Defenders, LGBTQ+ Advocates, Elected Officials And Others Request The Immediate Release Of TGNCNBI New Yorkers and Other Vulnerable Populations From Jail And Prison Custody
May 1, 2020
(NEW YORK, NY) – Public defender organizations, LGBTQ+ advocates, elected officials, and others, in a recent letter to New York State Governor Andrew Cuomo, the New York State Department of Corrections and Community Supervision (DOCCS) and New York City’s five District Attorneys, request the immediate release of transgender, gender non-conforming, non-binary, and intersex (TGNCNBI) people and all other vulnerable populations from jail and prison custody. The letter’s signatories include members who serve on a Task Force directed to review the New York City Department of Correction (DOC) policies related to TGNCNBI people in custody.
The letter explains the unique risks for TGNCNBI people in custody:
The New York City Board of Correction (BOC) has called for the release of all people in DOC custody with underlying health conditions, including lung disease, heart disease, diabetes, cancer, or a weakened immune system…
For TGNCNBI people in particular, discrimination in accessing health care and insurance, and the historical lack of coverage for medically necessary care that has been previously authorized by law have had long-term impacts on the community’s overall health. Discrimination in employment, education, housing, and many other areas means that TGNCNBI people face exacerbated corresponding healthcare concerns.

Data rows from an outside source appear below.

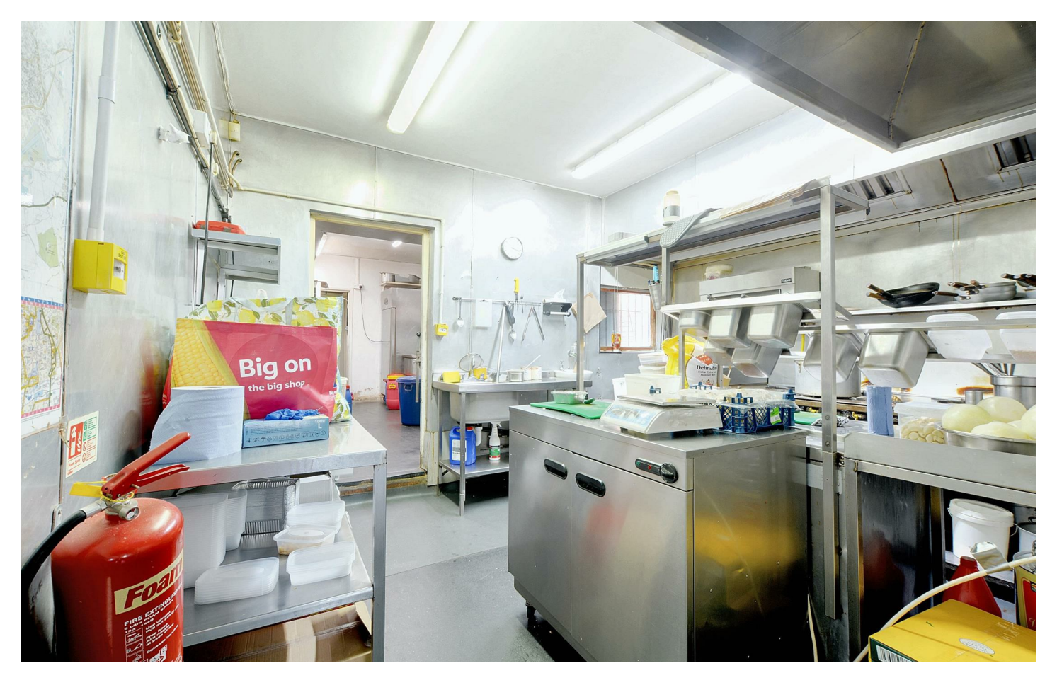
*** MIXED-USE INVESTMENT DWELLING ***

Robert Ellis are pleased to bring to the market this unique opportunity. Fronting a busy road in the residential area of Sherwood, this prominent building offers a flexible investment with a retail area on the ground floor with a further duplex apartment above including a garden to the rear.
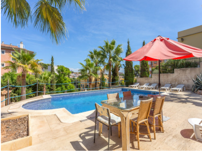
Wonderful pool area for summer days
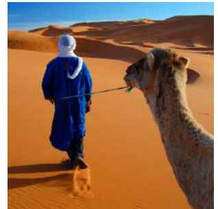
On the dunes of Erg Chebbi

Breakfast and a day's transfer during which we will stop in the ski resort of IFRANE, an anomalous Moroccan town with its parks, lakes and Alpine-style villas laid out along wide tree-lined streets. We will arrive in MERZOUGA in time to admire the sunset over the ERG CHEBBI dunes, up to 150 metres high, which mark the border with Algeria. Dinner and overnight stay in a fixed tented camp with external toilets.
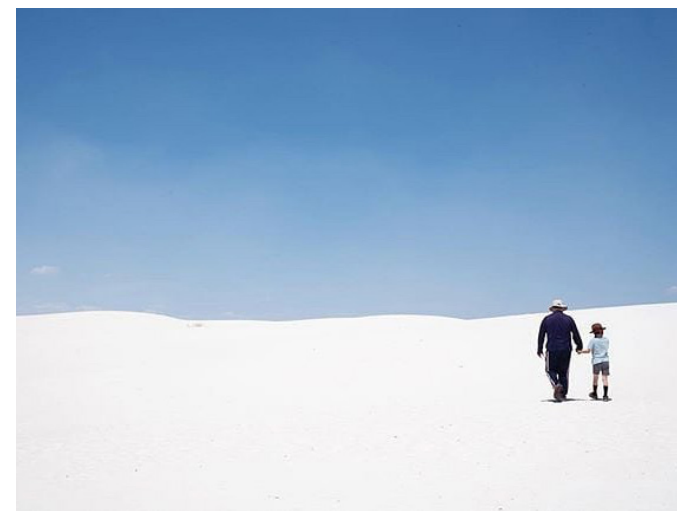
White Sands National Monument | @parkventurous
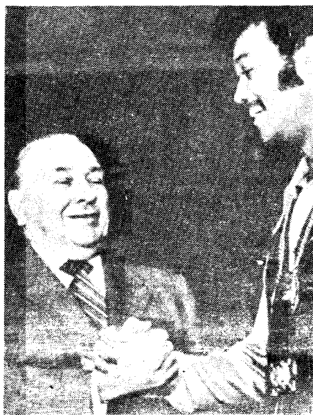
Mayor Daley and Rev. Jesse Jackson
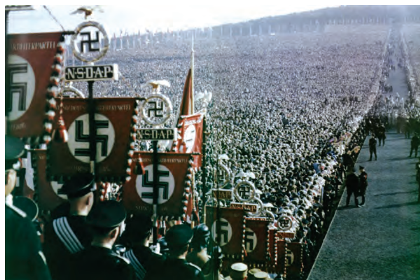
Fig.8 – Nuremberg Rally, 1936. Rallies like this were held every year. An important aspect of these was the demonstration of Nazi power as various organisations paraded past Hitler, swore loyalty and listened to his speeches.

Hitler was a powerful speaker. His passion and his words moved people. He promised to build a strong nation, undo the injustice of the Versailles Treaty and restore the dignity of the German people. He promised employment for those looking for work, and a secure future for the youth. He promised to weed out all foreign influences and resist all foreign ‘conspiracies’ against Germany.
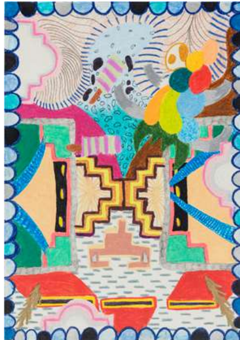
Atrás do que vi (Yarinacocha, Amazônia peruana), 2019 colored pencils, graphite, ballpoint pen and permanent marker on paper 21 x 14 cm | 8.3 x 5.5 in
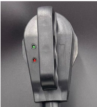
50 Amp Input Plug Indicators
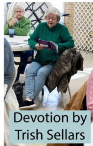
Devotion by Trish Sellars
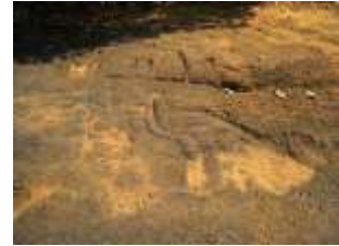
The peacock is the carrier of souls to heavens.
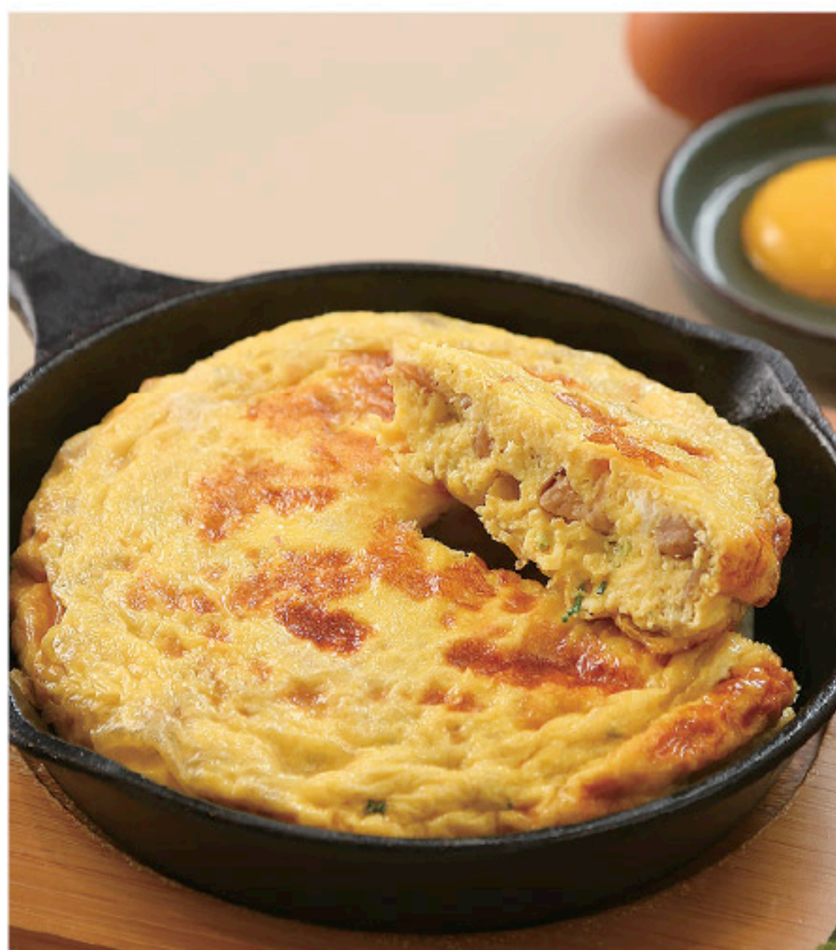
台式厚煎菜脯蛋 澳门元 88 Taiwanese Style Omelet with Preserved Turnip Bits

所有价格均以澳门元计算, 并附加10%服务费。图片只供参考。 如对所有食物有过敏反应, 请于点餐前通知服务团队。餐厅特色茶位每位澳门元12。 All prices are in MOP and subject to a 10% service charge. Photos for reference only. Please inform the service team of any food allergy or dietary requirements prior to ordering. Tea charge: MOP12 per person.
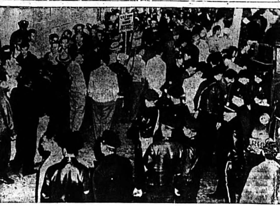
POLICE ARREST MORE THAN 250 STRIKING FILM WORKERS and load them into patrol wagons outside the Columbia Studios, in Hollywood, Calif. The pickets were charged with conspiracy to violate a court injunction limiting the number of pickets and for disturbing the peace. Meanwhile, other strikers continue to picket, at right, to the music of "Don't fence me in." The Actors Guild voted to cross the picket line.
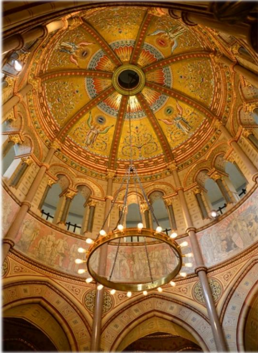
Rotunda inside Garfield Memorial and Tomb.

Garfield's home is in the town of Mentor, east of Cleveland near the shoreline of Lake Erie. It is open to the public as a National Historic Site maintained by the National Park Service. A decorated Civil War veteran, affable family man, and popular member of Congress, Garfield was widely respected and admired even before
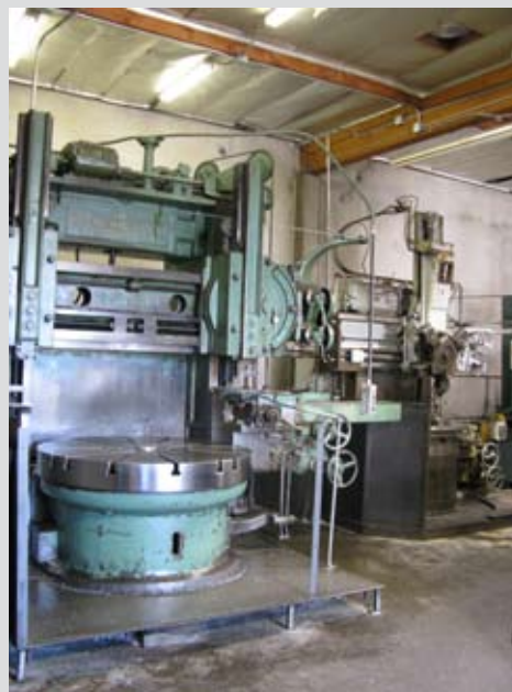
VIEW OF CONVENTIONAL VERTICAL LATHES
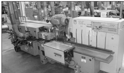
Weinig Unimat 22A/6Hd Hopper/feed thru moulder

Machining Centers Dbl. Surfacers Rough Mill Material Handling RF Gluers Moulders Profile Grinders Hauncher Planers Mortisers Straight Line Rip Saws Clamp Carriers
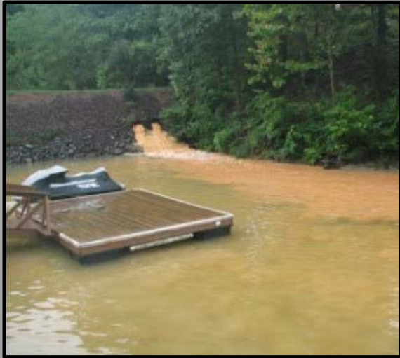
Construction site discharge
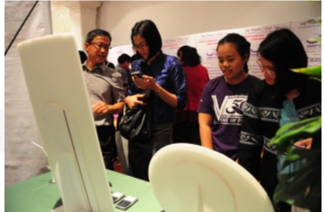
The Voice of Peace staff had prepared many posters and exhibitions, including a timeline of the Voice of Peace history.
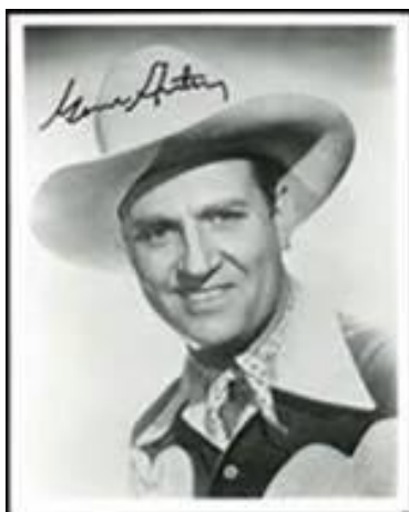
Gene Autry, US Army Air Corps. Crewman on transports that ferried supplies over "The Hump" in the China-Burma-India Theater.
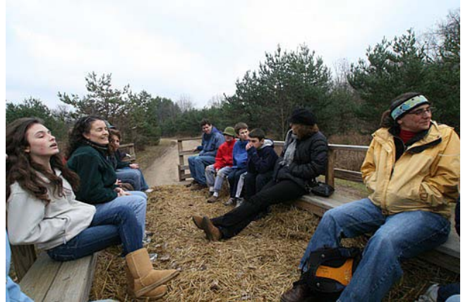
Hav folks at last month’s field trip to Global Villages in Howell
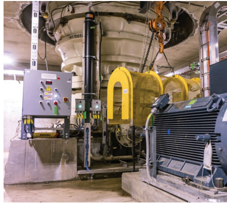
/ Installation of the Primary Crusher is complete
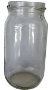
250 ml Glass Round Jar
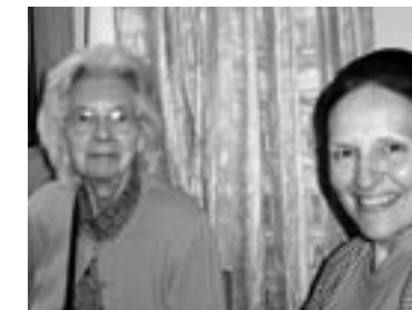
Visiting and befriending: part of our outreach Neighbourhood Care Project
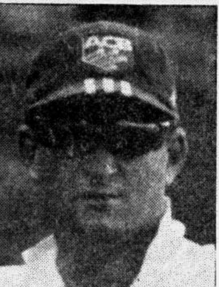
M WAUGH As one of the most stylish batsmen ever to play the game, Mark has scored more than 6,000 Test runs for Australia, including 17 centuries, at an average of 41, plus 13 limited-overs hundreds.

the national Test and one-day sides to have played virtually non-stop for the past 18 months. But he has been able to retain his place on account of his brilliant record over the past decade in both forms of the game.
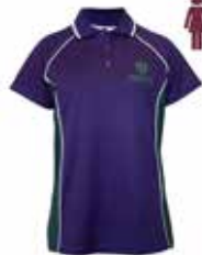
Polo Girls fit
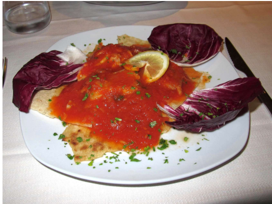
Burridda - Ele, Oristano, Sardinia
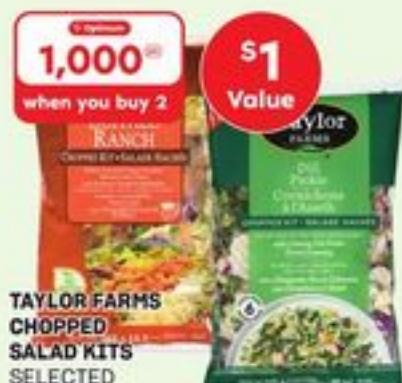
TAYLOR FARMS CHOPPED SALAD KITS SELECTED VARIETIES, PRODUCT OF U.S.A. 267-383 G 21335159_EA 21381575_EA

Likewise, as recognized by CHS Associate Director Dr. Hai, the increased anxiety and tension surrounding the pandemic only increases the already high risk of abuse TGNCNBI persons face ordinarily. It is important to remember that recorded medical conditions and age are not the only factors placing someone at risk during this time. Other factors such as vulnerability to physical and sexual abuse, access to outside support and phone calls, and likelihood of being placed in restricted housing (whether protective, disciplinary, or as a result of staffing concerns) often hinder the ability of TGNCNBI people to access mental and medical healthcare.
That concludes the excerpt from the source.